Second, natural conjugate priors do not allow for flexible extensions, such as having different regressors in different equations. Third, the prior structure implies that the prior covariance of the coefficients in any two equations must be proportional to each other. This is because the prior covariance form is \boldsymbol{\Sigma} \otimes \boldsymbol{V}_0. However, this does not always make sense in certain applications. For example, imposing zero prior restrictions on some coefficients would imply that the prior variance of these coefficients should be near zero, but this does not need to be true for all coefficients in the model.

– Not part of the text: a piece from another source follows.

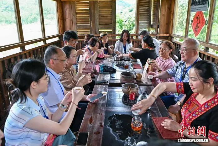 8月28日,“追梦中华·扬帆自贸港”2025海外华文媒体海南采访行走进五指山茶园,在雨林环抱中闻香品茗,领略五指山红茶的魅力。中新网记者 骆云飞 摄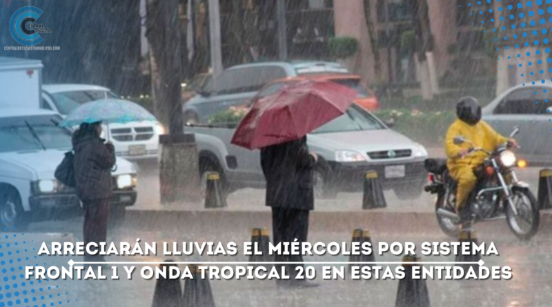 Arreciarán lluvias el miércoles por sistema frontal 1 y onda tropical 20 en estas entidades

To address the first issue, we can think of the VAR(p) specification in a similar way to the seemingly unrelated regression (SUR) model, where we have different regressors in different equations and account for unobserved dependence. This approach allows us to impose zero restrictions on the VAR(p) model, thereby improving its parsimony. Following the setup in Section 7.2, we have \boldsymbol{y}_{m} = \boldsymbol{Z}_{m} \boldsymbol{\beta}_m + \boldsymbol{\mu}_m, where \boldsymbol{y}_m is a T-dimensional vector corresponding to the m-th time series variable, \boldsymbol{Z}_m is a T \times K_m matrix of regressors, \boldsymbol{\beta}_m is a K_m-dimensional vector of location parameters, and \boldsymbol{\mu}_m is a T-dimensional vector of stochastic errors, for m = 1, 2, \dots, M.
Stacking the M equations, we can write \boldsymbol{y}=\boldsymbol{Z}\boldsymbol{\beta}+\boldsymbol{\mu} where \boldsymbol{y}=\left[\boldsymbol{y}_{1}^{\top} \ \boldsymbol{y}_{2}^{\top} \dots \boldsymbol{y}_{M}^{\top}\right]^{\top} is a MT-dimensional vector, \boldsymbol{\beta}=\left[\boldsymbol{\beta}_{1}^{\top} \ \boldsymbol{\beta}_{2}^{\top} \ldots \boldsymbol{\beta}_{M}^{\top}\right]^{\top} is a K dimensional vector, K=\sum_{m=1}^{M} K_m, \boldsymbol{Z} is an MT\times K block diagonal matrix composed of \boldsymbol{Z}_{m}, that is, \begin{align*} \boldsymbol{Z}&=\begin{bmatrix} \boldsymbol{Z}_1 & \boldsymbol{0} & \dots & \boldsymbol{0}\\ \boldsymbol{0} & \boldsymbol{Z}_2 & \dots & \boldsymbol{0}\\ \vdots & \vdots & \ddots & \vdots\\ \boldsymbol{0} & \boldsymbol{0} & \dots & \boldsymbol{Z}_M \end{bmatrix}, \end{align*} and \boldsymbol{\mu}=\left[\boldsymbol{\mu}_{1}^{\top} \ \boldsymbol{\mu}_{2}^{\top} \dots \ \boldsymbol{\mu}_{M}^{\top}\right]^{\top} is a MT-dimensional vector of stochastic errors such that \boldsymbol{\mu}\sim{N}(\boldsymbol{0},\boldsymbol{\Sigma}\otimes \boldsymbol{I}_T).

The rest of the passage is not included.